Specifically, the model scrapes raw code data from GitHub and web archives, which then undergo several processing steps to output the final pre-training data.

Seed-Coder’s filtered data is divided into four categories:
- File-level Code: Individual code files from GitHub, processed to retain high-quality code content.
- Repository-level Code: Code files based on repository structure, preserving project structure information so the model can learn relationships between codes.
- Commit Data: Snapshots of GitHub commits, including commit messages, repository metadata, related files, and code patches. This includes 74 million commits from 140,000 high-quality repositories.
- Code-related Web Data: Documents extracted from web archives that contain code blocks or are highly relevant to code.
Let’s look at the code processing first.
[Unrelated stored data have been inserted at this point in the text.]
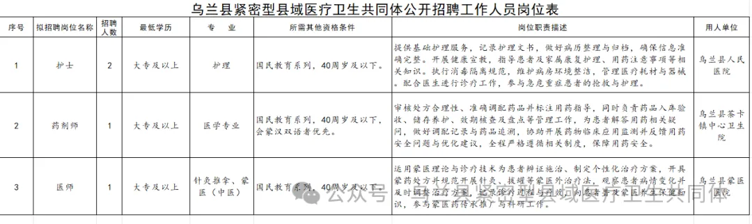 本次招聘由乌兰县紧密型县域医疗卫生共同体综合办公室进行统一招聘,招聘后人员按照《乌兰县紧密型县域医疗卫生共同体公开招聘工作人员岗位表》(以下简称《岗位表》进行分配,招聘岗位、人数和相关要求详见《岗位表》。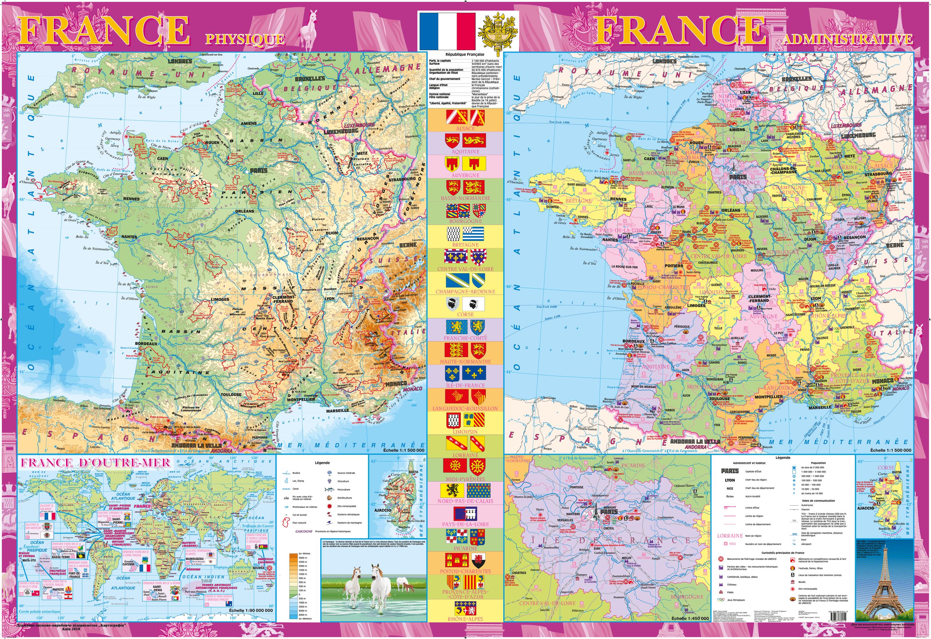 This decorative wall map of France (in French) includes both a physical map “FRANCE physique”, political map “FRANCE administrative”, and an inset map “ILE-DE-FRANCE” (scale of 1:450,000). The French Republic consists of a number of administrative units located outside of the mother country. The overseas possessions of France are shown on the inset map “FRANCE D’OTRE-MER” (scale of 1:90,000,000).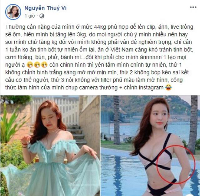 Liền sau đó, cô nàng đăng thêm tấm ảnh khoe dáng trong set đồ bikini nhưng bị nói là sản phẩm của photoshop. Tức nước vỡ bờ, Thuý Vi đăng tải đoạn status giải thích rằng đôi khi không thể kiềm lòng trước sự hấp dẫn của đồ ăn nên có thả lỏng bản thân một chút.

In the preprocessing stage, the system implements deduplication at both repository and file levels: SHA256 hashing for exact deduplication and MinHash algorithms for approximate deduplication.
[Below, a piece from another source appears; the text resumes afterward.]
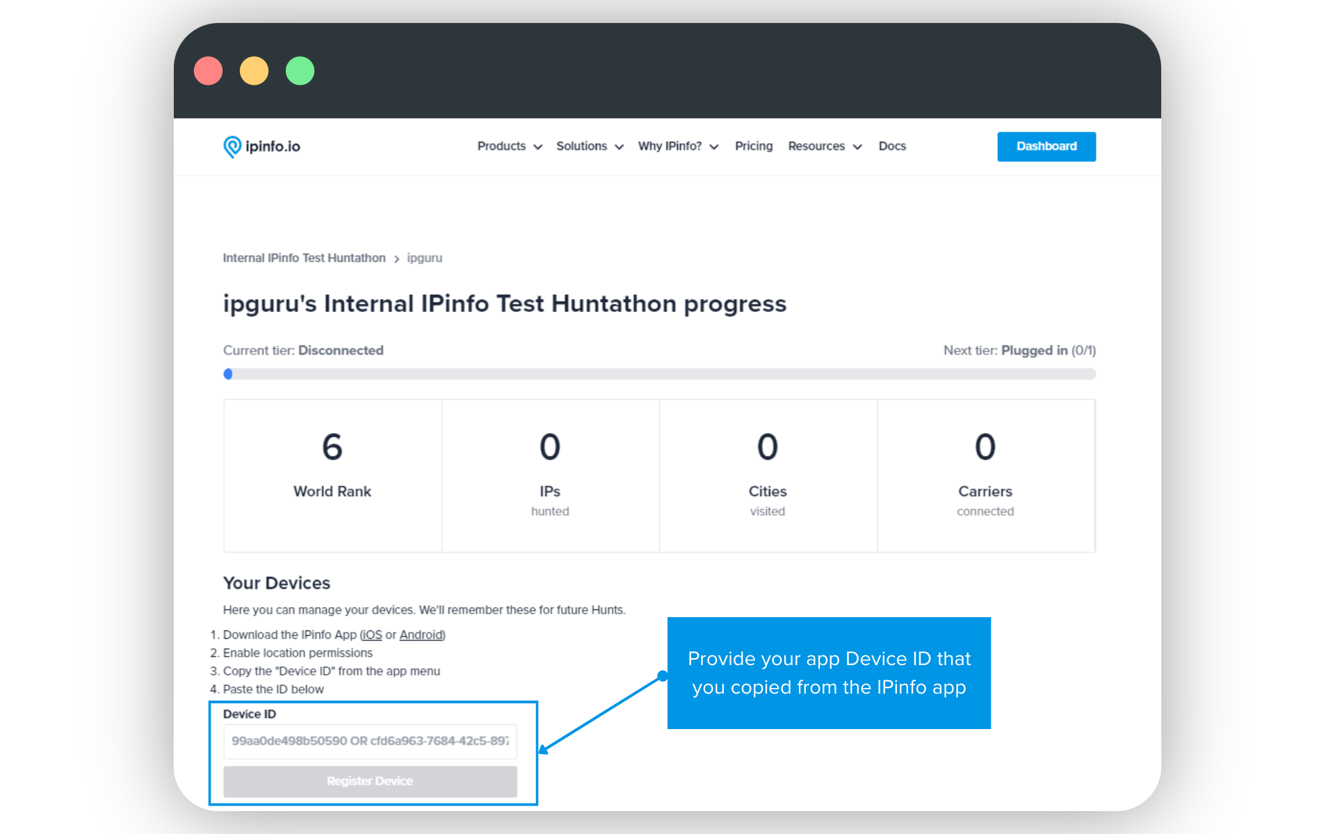 After you have set your userame, you will be prompted to add your Device ID. The Device ID connects your app's activity with your account. Through the Device ID linking mechanism, every IP address you hunt will be added to your profile.

This two-layer strategy produces two variants of the code corpus—the file-level variant is used for short context window training, while the repository-level variant preserves project structure to support more coherent long-context learning.
Subsequently, the system uses syntax parsers like Tree-sitter to check remaining files and discard those containing syntax errors. This preprocessing stage reduces the original data volume by approximately 98%.
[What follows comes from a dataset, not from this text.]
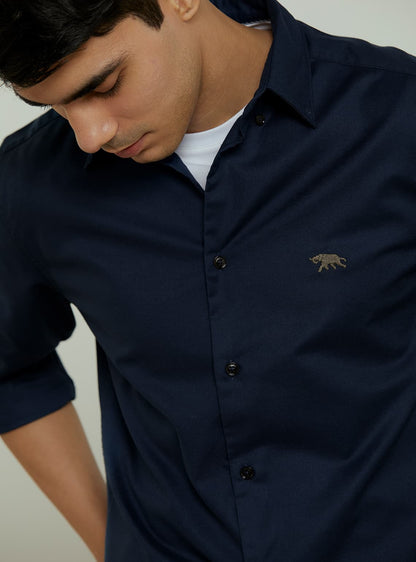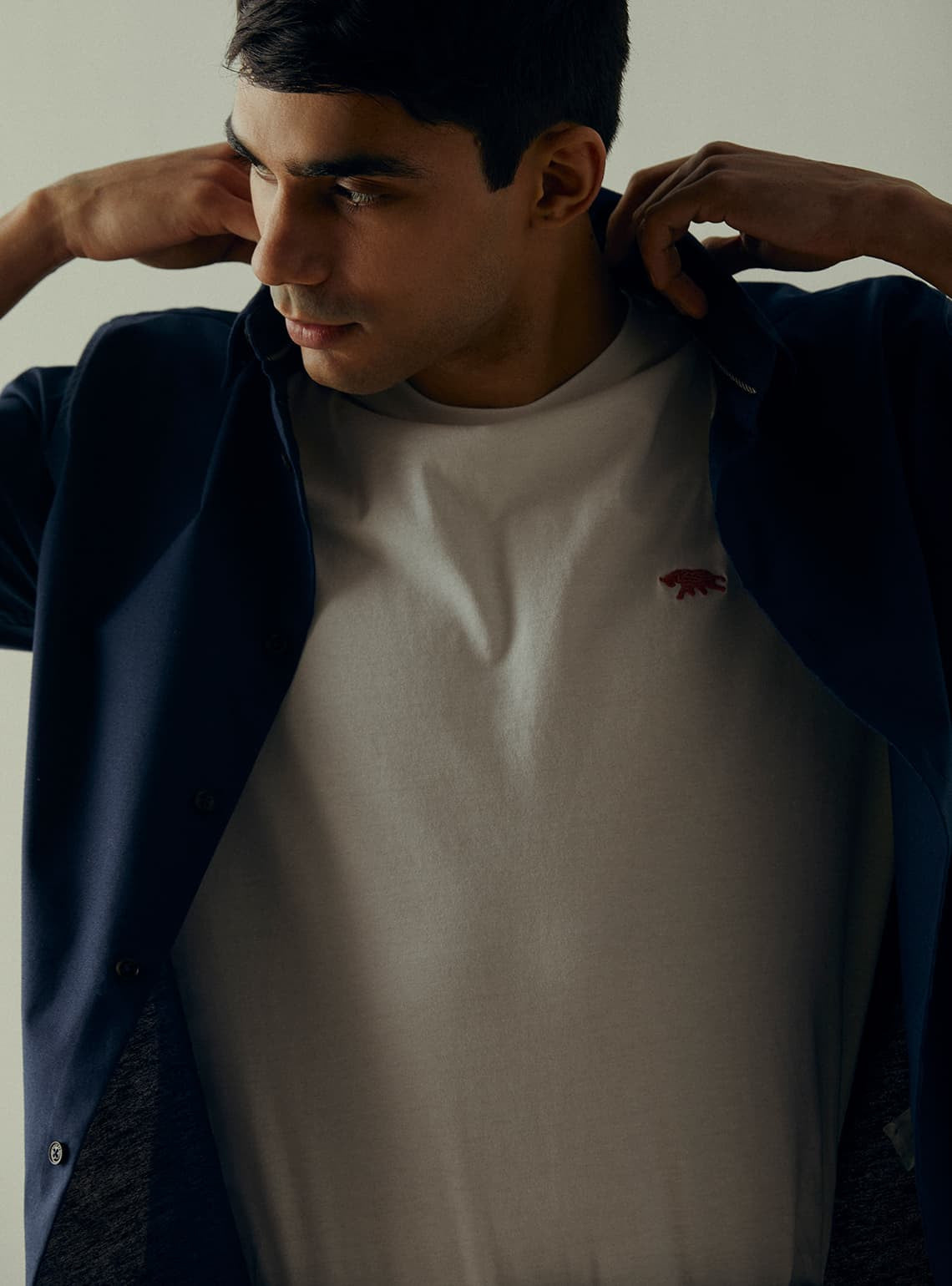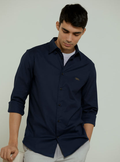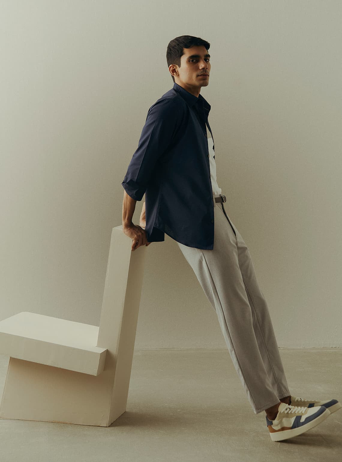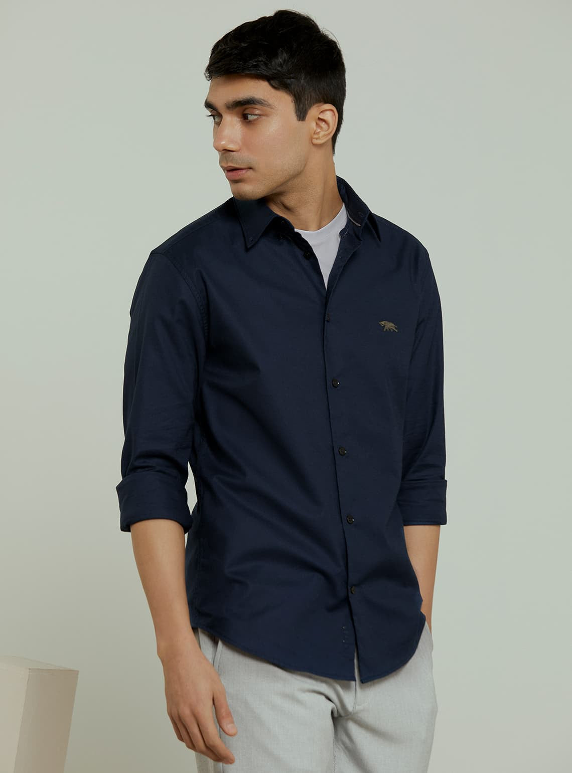 This shirt is meticulously crafted from a blend of rich Indian cotton in an Oxford weave, ensuring comfort and stretch. Designed in a full-sleeve silhouette, it not only provides sophistication but also features a button-down collar, & Rajan, the mark of Andamen.

In the quality filtering phase, Seed-Coder uses a scoring model specially trained on over 220,000 code documents to filter out low-quality code files.
The scoring model is based on DeepSeek-V2-Chat, and its evaluation metrics cover four key aspects:
- Readability: Contains a reasonable number of comments, follows consistent naming conventions, and adheres to general formatting and structural standards;
- Modularity: Well-structured, avoiding overly complex or lengthy functions, achieving clear separation of logical functions through modularity;
- Clarity: Reduces redundancy (such as excessive function calls, large blocks of commented-out code, or debug print statements), ensuring the intent of each code block is clearly expressed;
- Reusability: Free of syntax and logic errors, avoids excessive hard-coded data, designed for easy integration with other projects, and features complete and meaningful functionality.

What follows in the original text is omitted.